Compute the margin of error

The margin of error for mean is

 \begin{aligned} E & = t_{(\alpha/2,n-1)} \frac{s_1}{\sqrt{n}}\\ & = 2.228 \frac{10.2}{\sqrt{11}} \\ & = 6.852. \end{aligned}

Determine the confidence interval

$95$% confidence interval estimate for population mean is

 \begin{aligned} \overline{x}_1 - E & \leq \mu \leq \overline{x}_1 + E\\ 103.5 - 6.852 & \leq \mu \leq 103.5 + 6.852\\ 96.648 &\leq \mu \leq 110.352. \end{aligned}

Thus, $95$% confidence interval estimate for population mean for substrate one is $(96.648,110.352)$.

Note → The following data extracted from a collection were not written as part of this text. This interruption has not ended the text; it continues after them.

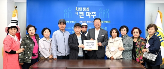 파주읍 동광모닝스카이 아파트 주민 10여 명이 지난달 27일 파주시청을 방문해 성매매집결지(이하 집결지) 폐쇄를 위한 100여 명의 지지 서명부를 전달하고 집결지의 조속한 폐쇄를 촉구했다.
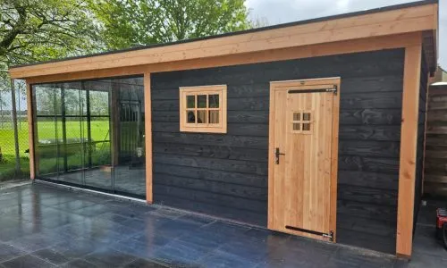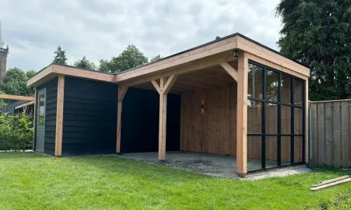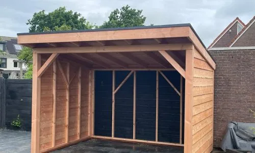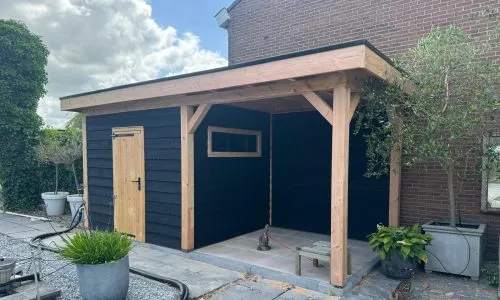 Douglas berging met overkapping -550x250cm, waarvan berging 300x250cm -Elementbouw, wanden bekleed met zwart gespoten Zweeds rabat, zwart genageld -6 Douglas staanders 140x140mm -Enkele Douglas dichte deur met…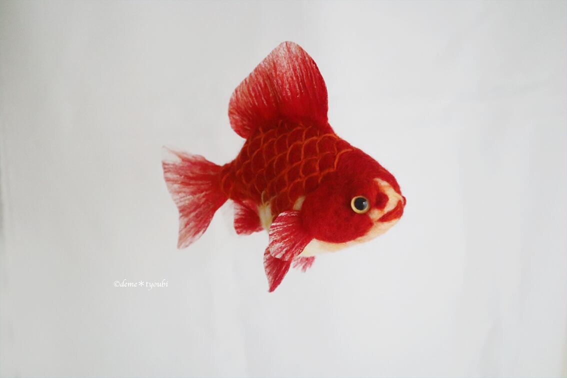 鮮やかな赤が美しい更紗和金です。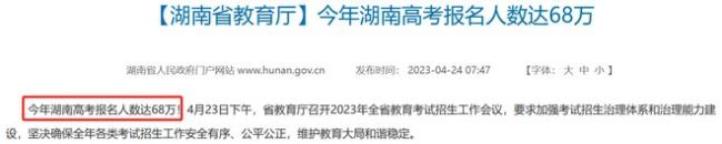 5月19日下午,湖南2023年全省普通高校招生考试安全工作电视电话会议召开,会议上布置各项工作,确保高考安全平稳顺利。会议上透露2023年湖南省高考报名人数共有68.4万人,相比上年增加1.27万人(首选物理的考生有30.93万人,占比60.68%;首选历史的考生有20.04万人,占比39.32%),;对口升学考试报名人数16.69万人,比上年增加1.49万人;少年班等其他考生约0.74万人,与上年基本持平。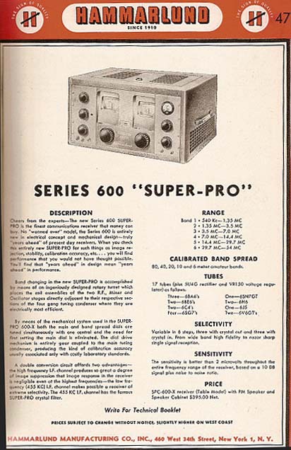 versions of the Hammarlund SP-600 are legend. Over 50 molded tubular,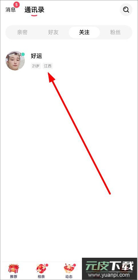 2、在通讯录页面浏览关注列表,点击关注对象的头像;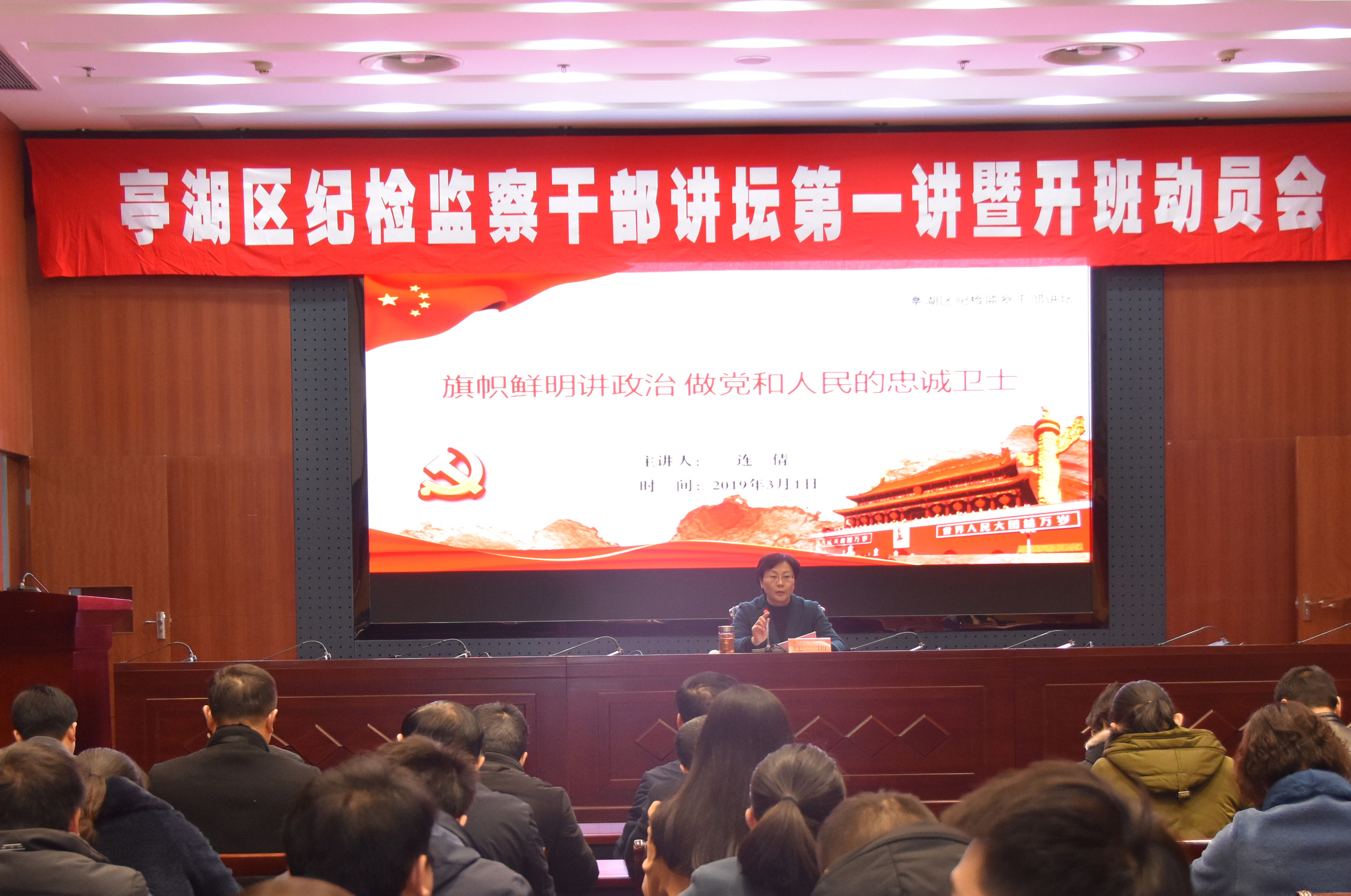 为深入学习贯彻习近平新时代中国特色社会主义思想和党的十九大精神,正确把握党风廉政建设和反腐败斗争的新形势,打造忠诚干净担当的高素质、专业化纪检监察“铁军”,推动新时代纪检监察工作高质量发展。3月1日上午,亭湖区纪检监察干部讲坛第一讲暨开班动员会在区行政中心四楼多功能会议室举行。

ii) Given that $n_1 = 11$, $\overline{x}_1 =103.2$, $s_1 = 10.2$, $n_2 =13$, $\overline{x}_2 =99.7$ and $s_2 = 20.1$.

We want to determine $95$% confidence interval estimate for the difference $(\mu_1-\mu_2)$.

Confidence level is $1-\alpha = 0.95$. Thus, the level of significance is $\alpha = 0.05$.

Specify the formula

$100(1-\alpha)$% confidence interval estimate for the difference $(\mu_1-\mu_2)$ is

 \begin{aligned} (\overline{x}_1 -\overline{x}_2)- E & \leq (\mu_1-\mu_2) \leq (\overline{x}_1 -\overline{x}_2) + E. \end{aligned}
where $E = t_{\alpha/2,n_1+n_2-2}\sqrt{\frac{s_1^2}{n_1}+\frac{s_2^2}{n_2}}$ and $t_{\alpha/2, n_1+n_2-2}$ is the $t$ value providing an area of $\alpha/2$ in the upper tail of the students' $t$ distribution.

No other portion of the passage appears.